For overall NPI-Total, the linear effect of age was the best fitting model (see the first panel of Supplemental Table 1. NPI-Total narcissism was highest among younger adults and lowest among older adults. Men reported higher levels of NPI-Total narcissism compared to women (see Supplemental Figure 1a).

For the Leadership/Authority subscale of the NPI, the linear effect of age was the best fitting model (see the second panel of Supplemental Table 1). Leadership/Authority was highest among younger adults and lowest among older adults. Men reported higher levels of Leadership/Authority compared to women (see Supplemental Figure 1b).

For the Entitlement/Exploitativeness subscale of the NPI, the quadratic effect of age was the best fitting model (see the third panel of Supplemental Table 1. Entitlement/Exploitativeness was higher among younger adults compared to middle-aged and older adults (among whom there were very few age differences; see Supplemental Figure 1c). Men reported higher Entitlement/Exploitativeness compared to women.

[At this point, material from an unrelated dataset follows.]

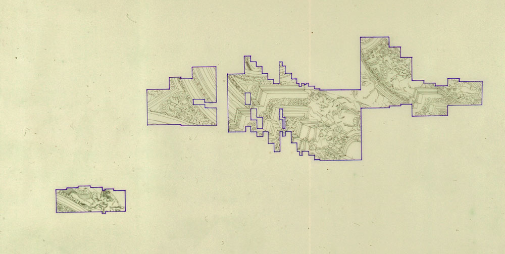 This drawing shows exactly which parts of the original architectural drawing has become part of the painting, (C) Jack Ox 1987

For the Grandiose Exhibitionism subscale of the NPI, the quadratic effect of age was the best fitting model (see the bottom panel of Supplemental Table 1). Grandiose Exhibitionism was higher among younger adults compared to middle-aged and older adults (among whom there were very few age differences; see Supplemental Figure 1d). Men reported higher Grandiose Exhibitionism compared to women.

Hypersensitive Narcissism

For Hypersensitive narcissism, the quadratic effect of age was the best fitting model (see Supplemental Table 2). Age differences were most dramatic earlier in life and relatively flat among middle-aged and older adults (see Supplemental Figure 2a). Men reported higher hypersensitive narcissism compared to women. The effects of age and age2 were both moderated by gender. Decomposing this effect revealed that the quadratic effect of age was more dramatic among men (β = −.04, p < .001) than women (β = .01, p = .73). However, this effect was relatively small, and the regression lines were nearly parallel (see Supplemental Figure 2b).

DD Narcissism

For Dirty Dozen narcissism, the quadratic effect of age was the best fitting model See Supplemental Table 3). Age differences were most dramatic earlier in life and relatively flat among middle-aged and older adults. Men reported higher DD narcissism compared to women (see Supplemental Figure 3a). The effects of age and age2 were both moderated by gender. Decomposing this effect revealed that the quadratic effect of age was more dramatic among men (β = −.04, p < .001) than women (β = .01, p = .50). However, this effect was relatively small, and the regression lines were nearly parallel (see Supplemental Figure 3b).

PES

For the PES, the quadratic effect of age was the best fitting model (see Supplemental Table 4). Age differences were most dramatic among middle-aged and older adults and relatively flat among young adults. Men reported higher psychological entitlement compared to women (see Supplemental Figure 4). The linear effect of age was moderated by gender. Decomposing this effect revealed that the effect of age was stronger among men (β = −.18, p < .001) than women (β = −.14, p < .001).

DSM-IV NPD

For the DSM-IV NPD measure, the quadratic effect of age was the best fitting model (see Supplemental Table 5). Age differences were most dramatic among younger adults and relatively flat among middle-aged and older adults (see Supplemental Figure 5a). Men reported higher DSM-IV NPD compared to women. The effects of age and age2 were both moderated by gender. Decomposing this effect revealed that the quadratic effect of age was more dramatic among men (β = .10, p < .001) than women (β = .06, p < .001). Age differences were largely similar between men and women. However, older men reported higher scores of DSM-IV NPD compared to middle-aged men whereas middle-aged and older women reported comparable levels of DSM-IV NPD.

NARQ-S

For overall NARQ-Total, age differences were best characterized by the linear effect of age (i.e., the quadratic effect of age was not significant; see the first panel of Supplemental Table 6). NARQ-Total was highest among younger adults and lowest among older adults (see Supplemental Figure 6a). Men reported higher levels of NARQ-Total compared to women. The quadratic model was the best fit, indicating that gender moderated the effect of age2. The quadratic effect of age was significant for women (β = .05, p = .001) and not significant for men (β = −.003, p = .87). Women had more dramatic age differences among younger adults and few age differences after middle-aged and older adults (see Supplemental Figure 6b).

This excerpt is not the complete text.